Most movies are only 25is gb not that bad
Still a lot, Especially if you want to take your movie with you (phone, tablet, laptop).
As I mentioned, I haven’t noticed any loss in video quality yet, so I opt for encoding and more movies per TB.
1080p or 4k 4:4:4 lossless is 120 mbit/sec, (or 480 on 4k) so i guarantee a lossless encode isn’t gonna be 3gb for even short feature length
you’re right that you can get the size down without loss of quality though
I buy blurays and dvds and I am just waiting for money to build a nas to dump them all to
Since our family has hundreds of physical copies of movies that we’ve collected over time, yes. I only buy movies that I either adore or consider to be classics.
hes just watching them fam not fine tooth comb every frame zooming in at 800%
so if we have like 95% of the quality or something can be 3gb and look better than any legal source online prolly
although he can always pop the disc back in if he wants it ‘perfect’ later
I don’t understand the point of buying a blu-ray and then compressing it.
Save some money and buy the DVD instead.
Pretty much all video is 4:2:0 anyway so there really is no lossless compression for consumer video. 3gb is a little small, I guess you’d be compressing the audio too given that a lossless audio track is around 2gb. But if it looks good to you then that’s all that matters. I guess how much video quality matters depends a lot on the (relative) size of the screen you want to view it on.
As long as you’re not getting artefacts high compression can look surprisingly good.
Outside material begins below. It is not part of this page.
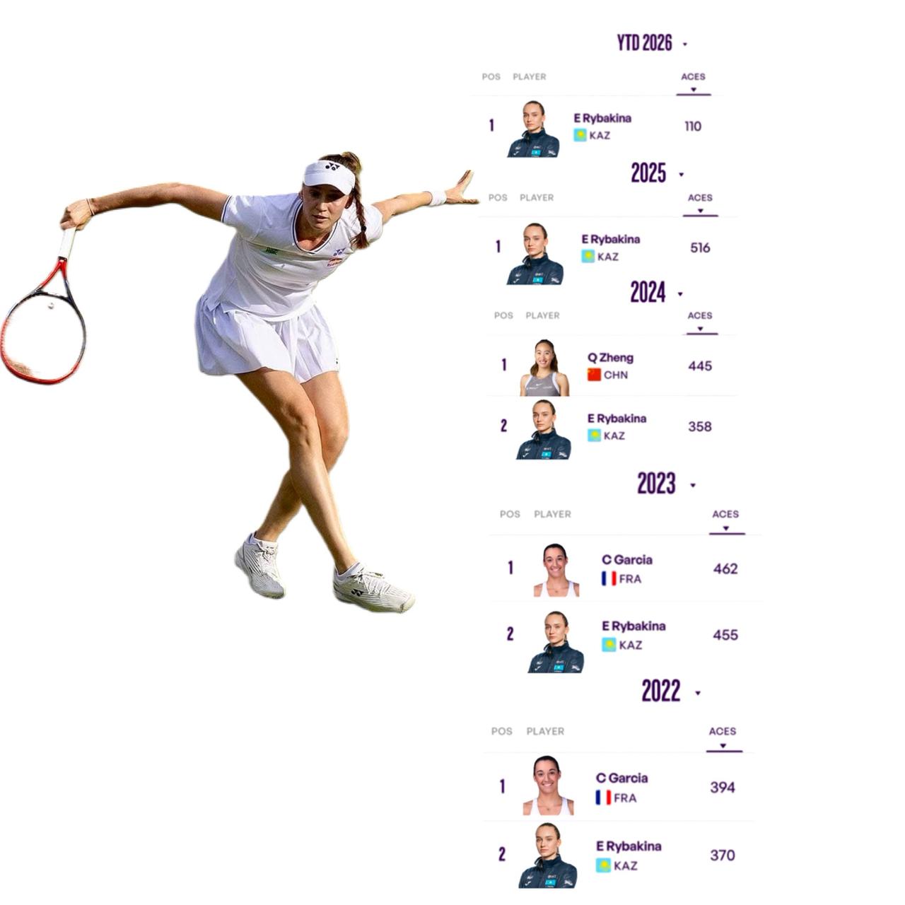 ACE女王-莱巴金娜。 本赛季莱巴金娜18场比赛已经有110记ace球。 排名WTA第一。 在过去的4年里,她ACE球排名从来没有掉出过前2名。 2025年以516个ace排名第一。 2024年以358个排名第二。 2023年455个排名第二。 2022年37个排名第二。 2022-23年排名第一的加西亚已经退役; 2024年排名第一的郑钦文发球始终难以稳定。 莱巴金娜以超乎寻常的稳定性, 发球成为了她获胜的最大保障。 本赛季,她的ace球会来到多少呢?

I’ve seen 4k hdr rips with atmos that are only 10gb and they look fine so 3gb for a bluray rip could look fine too.
even if you hedge expectations from lossless to proxy you’re still looking at around 36Mb/s for 4:2:0
that’s around 20 gigs for a feature length film, you can maybe cheat that down to 13-15gb with HEVC but past that it’s not in the range of source quality any more.
All the new weird fake hdr mastering stuff also complicates things somewhat, but that’s another discussion.
that’s not to say a rip smaller than that can’t look ‘fine’ though. there’s definitely inflection points.
Yeah, I just mean it’s surprising how much you can compress stuff before it starts to look really bad.
people get hung up on artefacts more than they do color quality in my experience, which isn’t my personal case. I’d take an SD rip of x files from the master before a streaming quality 720/1080i rip from the digital release any day (to cite a real world example)
and custom screen referenced HDR is nonsense.
I used to, but then again online resources is available so I don’t invest on DVD copies anymore.
There are some garbage quality digital streams of older (90s) TV. I was watching a stream of 3rd rock from the sun and they did the worst deinterlacing job and hard coded it.
oh yeah man some of those are the worst
weird thing is though, a lot of tv broadcast masters just don’t exist any more (or were never made in the first place) so whatever random ultra-ultra-ultra long play vhs joe had in his attic is the new master now
Yeah it’s shocking how little attention was payed to preserving this stuff for the future. I know there are a few digital archiving groups out there but whatever quality rip they have is probably the best it will ever be on some stuff.
I mean even for purely profit motivated reasons it makes sense to hang on to the original master because re-releasing your back catalog on a new format is an easy way to make some cash.
for daily news and live shows it made less sense because you’d have to run a film camera in parallel back in the tube camera and analog broadcast days
Yeah that’s true. Even a lot of modern movies are filmed or edited in ways that mean 1080p is the best they’ll ever be. Which doesn’t seem to stop them releasing awful up-scaled and over sharpened/noise reduced 4k blu-rays of them.
I mean I’m fine with that, we started hitting diminishing returns on resolution at around 720p
If only a company would just drive higher bit depth on a standards compliant SWOP gamut and make real HDR a thing
I’m going to have to disagree with you, there
Film is still king of image quality.
Remember that film scanning hardware is digital, so whenever sensor tech improves, the latitude of film theoretically extends.
As far as resolution, 35mm film is roughly 4000 x 4000px equivalent, so any old films on 35 can always be scanned at 4k for re-release, though of course that does not change the original film stock used. Old film be old.
As far as modern digital cinema, a big push a few years back was Netflix requiring every new submission be 4K minimum res. 4k has been ubiquitous in the production side for at least 6-8 years now for reasons beyond wow factor (vfx plates, etc).
The thing is… the reigning champion in digital film/tv cameras is still (barely) the Arri Alexa. A 2k camera. There are newer iterations, but there are still a lot of Alexa’s out there that will keep getting used.
So, yes, and no. Consumer-facing, it’s subjective.